Several studies have demonstrated that essential oils and extracts from other Plectranthus species are between the most potent antimicrobial natural products [27, 37, 38]. In this study, it was shown that all essential oils tested were more effective against Gram-positive strains, in comparison to Gram-negative. These results are in agreement with the report of Othman (2005) [39]; in this study Gram-negative microorganisms are more resistant to antimicrobials agents. This resistance may be is related to the presence of a peptidoglycan barrier in Gram-negative strains, thus restricting of antibiotic access to the target.

3.3. Modulatory Activity of Direct Contact Assay

Table 3 shows that antibiotic activity of amikacin, kanamycin and gentamicin was better in the presence of the essential oils. P. amboinicus potentialized the antibiotic activity of all drugs against all strains tested. P. ornatus did not interfere with the amikacin effect against E. coli (ATCC 25922). The same response was observed with gentamicin against B. cereus (ATCC 33018). A synergistic effect between P. barbatus and aminoglycosides was observed.

Table 3: MIC values of aminoglycosides in the presence and absence of essential oils.

Essential oils may interact with and affect the plasma membrane, interfering with respiratory chain activity and energy production [8, 40]. The mechanisms by which essential oils can inhibit microorganisms involve different modes of action and in part may be due to their hydrophobicity [41]. Some research works show that essential oils (Lantana camara, Melaleuca leucadendron, and Ocimum gratissimum) demonstrated synergism with antibiotics by direct contact [42].

Components of essential oils as thymol and carvacrol may act as membrane permeabilizers, enhancing the intake of antibiotics [43]. Impairment of bacterial enzyme systems may also be a potential mechanism of action [44].

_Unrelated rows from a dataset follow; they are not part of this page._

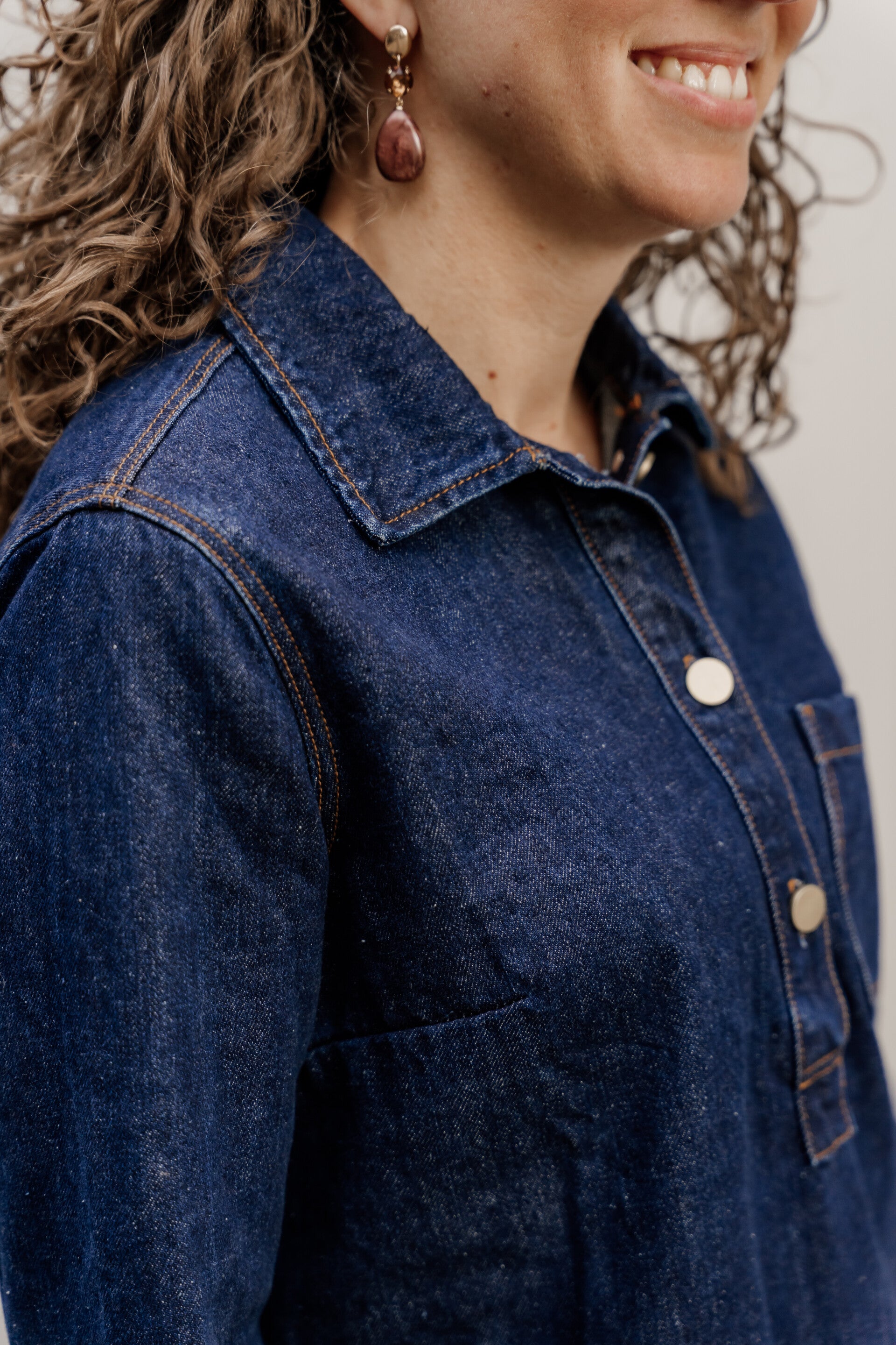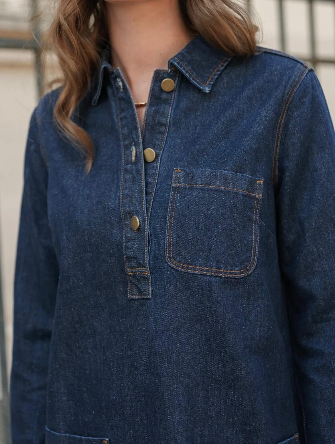 Deze denim jurk is een perfecte combinatie van comfort en stijl. Gemaakt van stevig, hoogwaardig denim met subtiele stiksels, biedt deze jurk een casual maar verzorgde look voor elke dag. Het rechte silhouet valt soepel om het lichaam en de knoopsluiting aan de hals voegt een speels, utilitaire touch toe.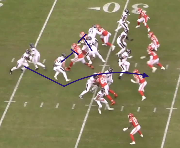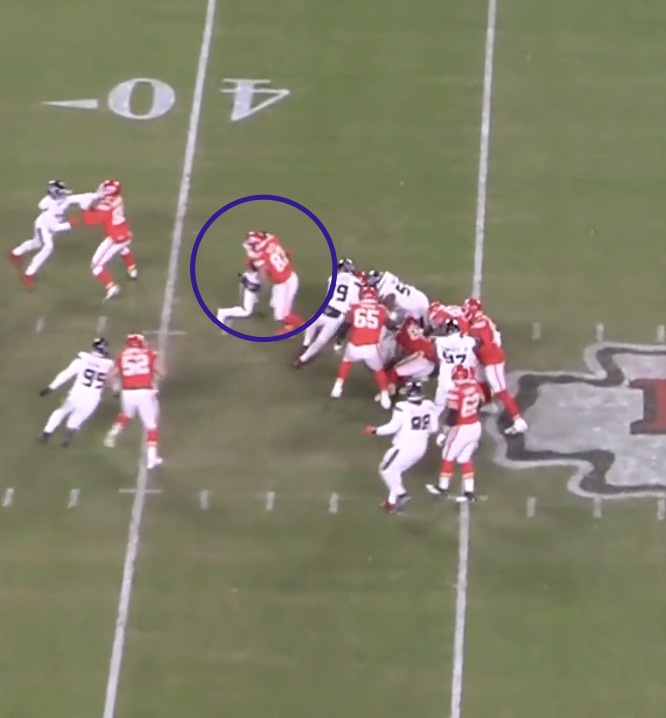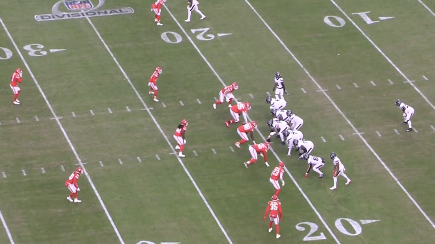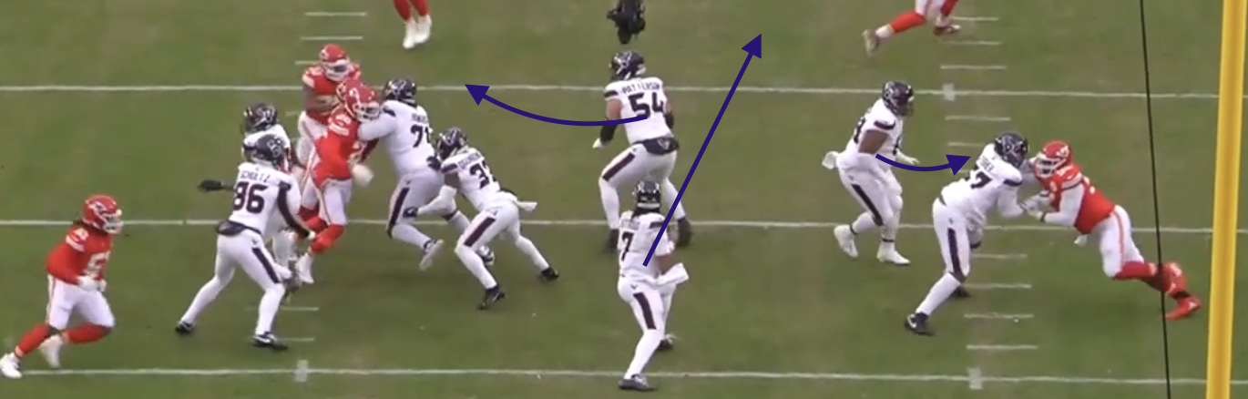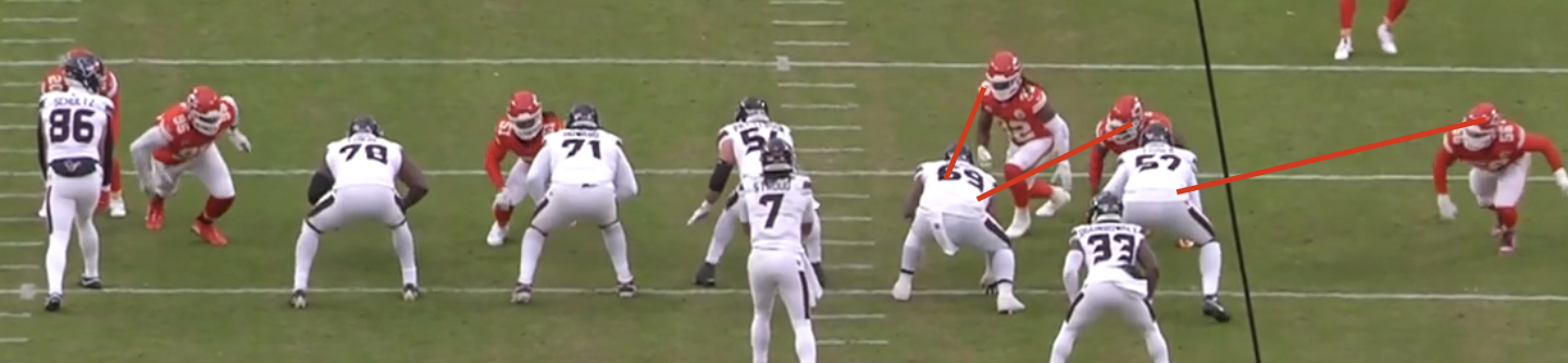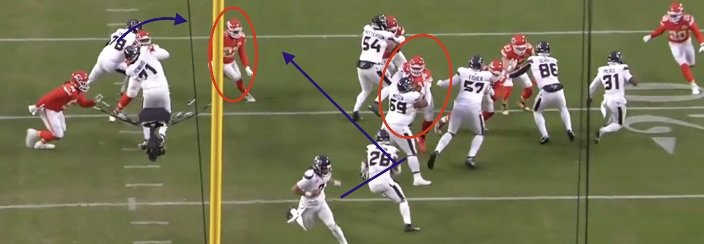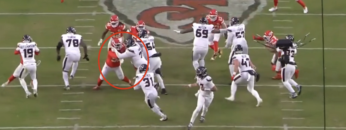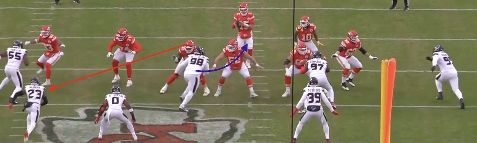 다음으로 켈시의 활용입니다. 켈시가 리시빙 타이트엔드로써 대활약을 펼친 것은 더이상 말하지 않아도 될 것 같습니다. 텍산스는 기존이라면 피트리를 시켜서 켈시를 막았겠지만, 피트리와 워드의 부상으로 켈시를 코너백인 브라이언트와 세이프티 머레이가 막아야 했습니다. 이런 선수구성의 미스매치를 칩스는 경기 후반 경기를 결정지을 런 플레이에 활용했습니다.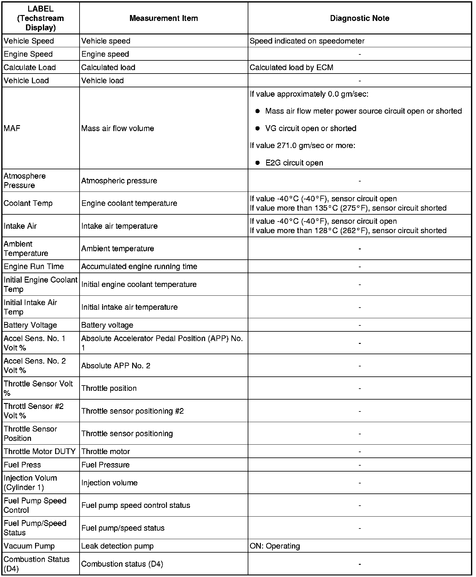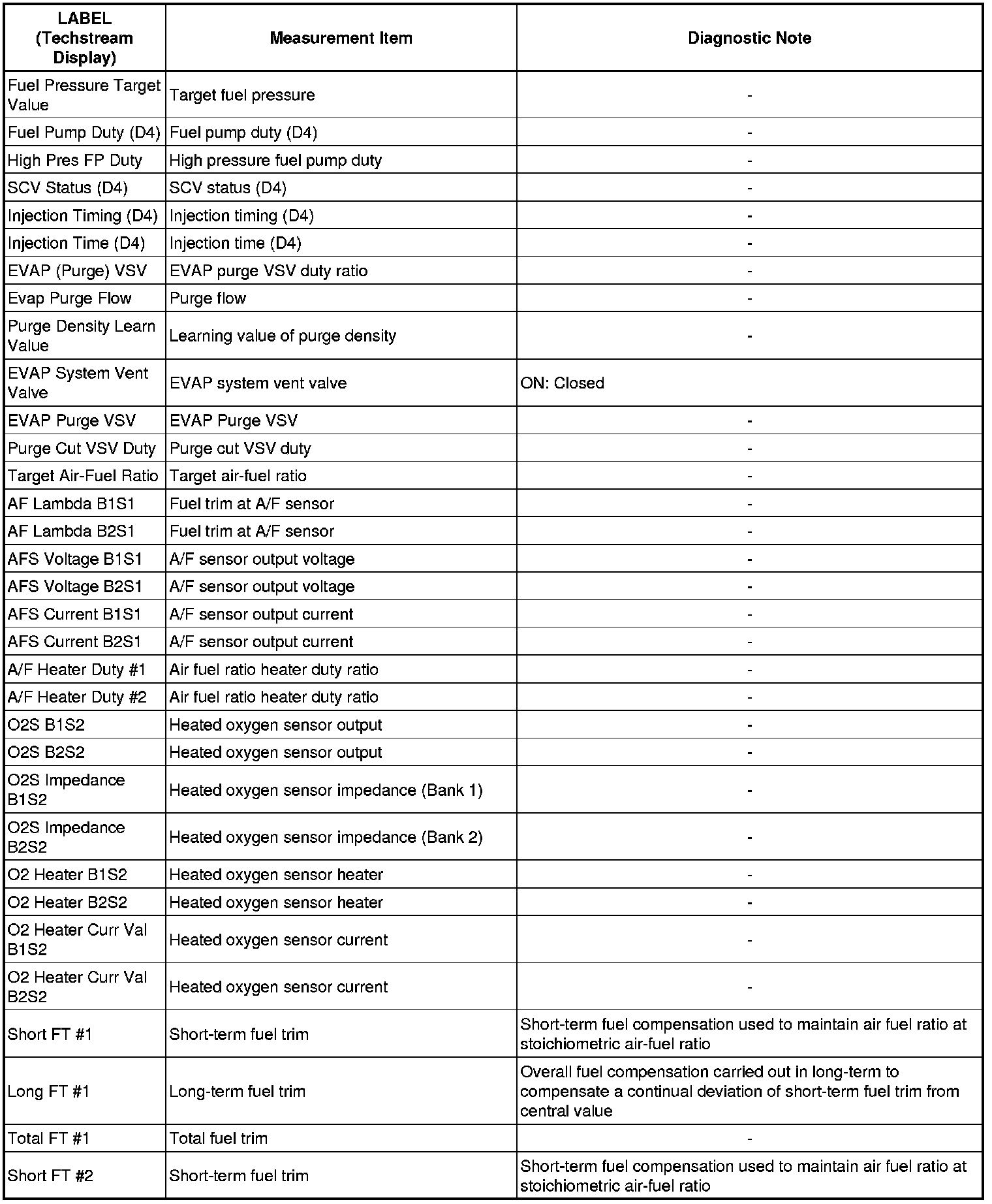 4GR-FSE ENGINE CONTROL SYSTEM: SFI SYSTEM: FREEZE FRAME DATA
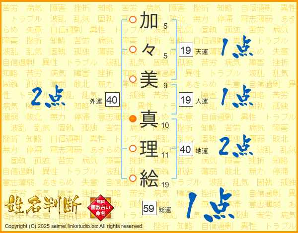 加(5画)々(5画)美(9画) 真(10画)理(11画)絵(19画)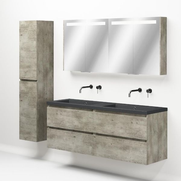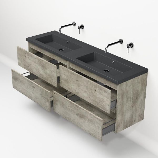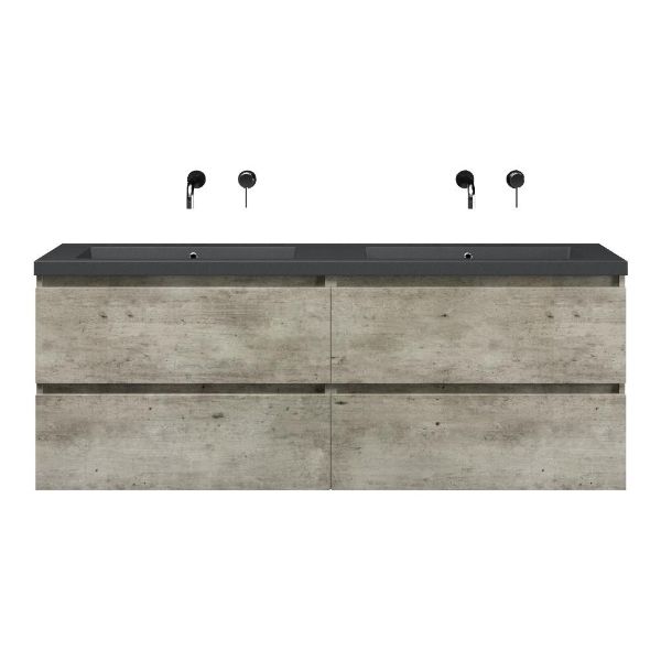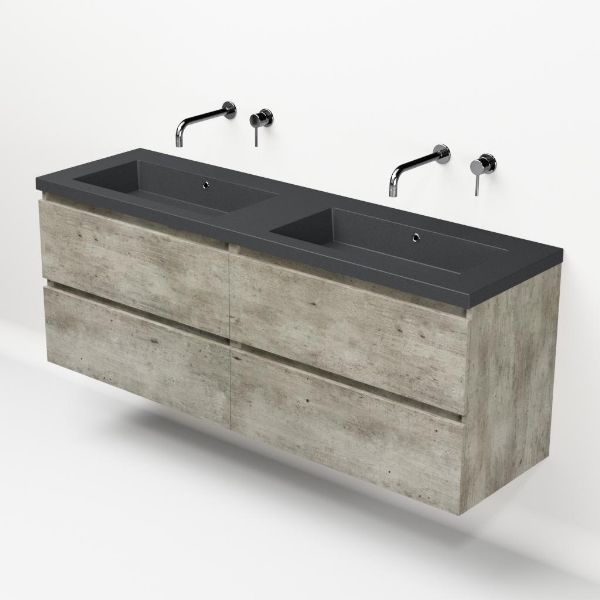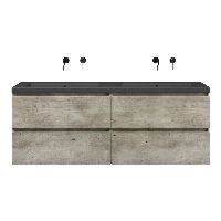 | | Bellanti Elena/Esta-Q badmeubel 160x46 4 softclose laden steigerhout look grijs greeploos quartz dubbele wastafel mat grijs zonder kraangaten |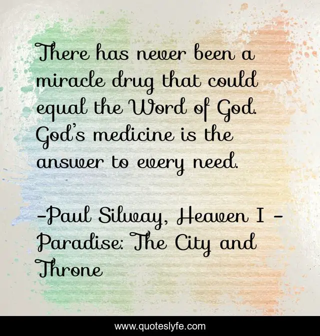 This page presents the quote "There has never been a miracle drug that could equal the Word of God. God’s medicine is the answer to every need.". Author of this quote is Paul Silway, Heaven I - Paradise: The City and Throne. .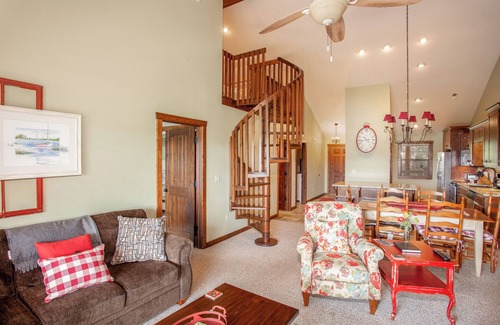 2-Bedroom Luxury Lakefront with Loft Condo Building 15 Unit 11: Maximum Occupancy 8, Upper Level with Vaulted Ceilings, Accessible via 1 Flight of Stairs, Shared Patio Area with Tables & Chairs and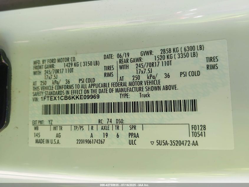 2019 FORD F-150 | 1FTEX1CB6KKE09969
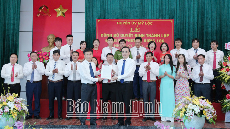 | Lãnh đạo huyện Mỹ Lộc trao Quyết định thành lập Đảng bộ phường Hưng Lộc. |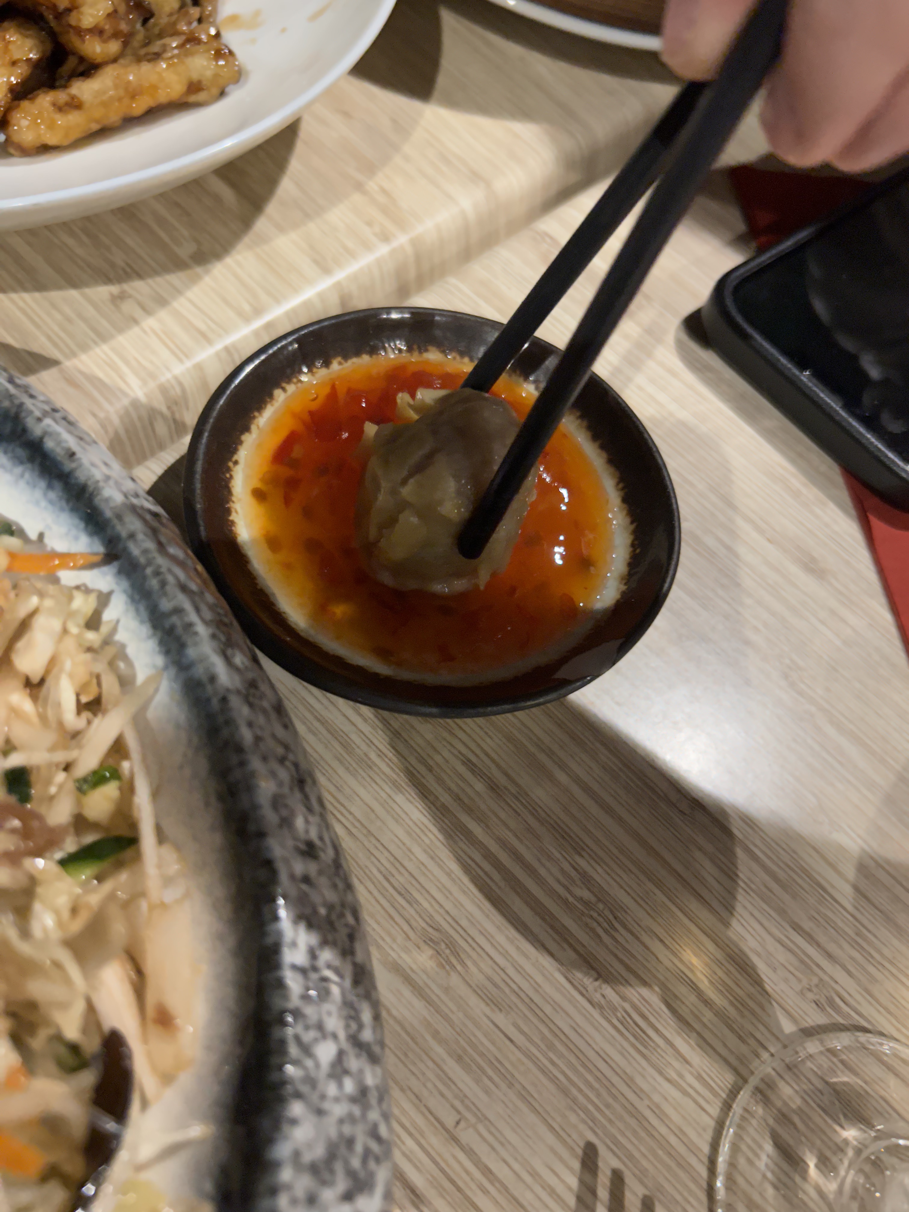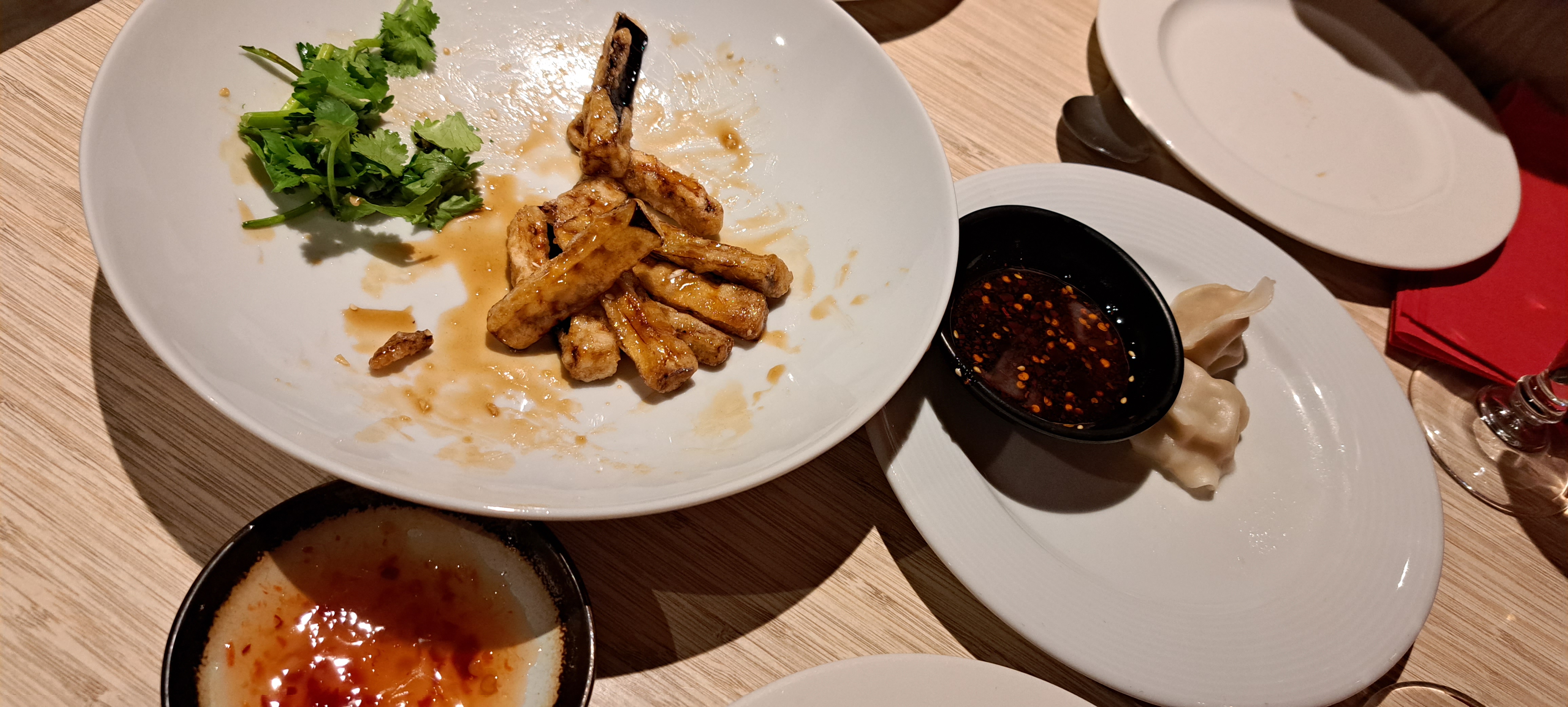 Nous avons goûté sur recommandation de notre accueillante et charmante serveuse les raviolis vapeur, émincé de poulet caramélisé et aubergines frites Tout était vraiment très bon, peut être un peu gras pour l’été les aubergines, mais en tout cas expérience à reproduire ! Et je vous recommande chaudement !

In this way, this report represents the first report regarding the modulatory activity of essential oils from Plectranthus species. Others works indicated different antibiotics combinations tested in vitro and clinically applied; however, combinations between natural products and synthetic drugs have been less published [45]. The results obtained here suggest that the essential oils from Plectranthus species can suppress the growth of Gram-positive and Gram-negative bacteria and they could be a source of metabolites with antibacterial modifying activity to be used as adjuvants to antibiotic therapy against these pathogens. So research should be stimulated to identify more natural compounds with synergistic behavior.

4. Conclusion

The results of this study suggest that the chemical components of essential oils of the Plectranthus genus can suppress the growth of Gram-positive and Gram-negative pathogenic bacteria. Especially for large amount of phenolic compounds such as thymol, carvacrol, and eugenol, this can modify the activity of antibiotics and therefore be used as adjuncts to antibiotic therapy against these pathogens. Thus, the search for natural compounds with antimicrobial activity and behavior is necessary for synergistic emergency control and treatment of diseases.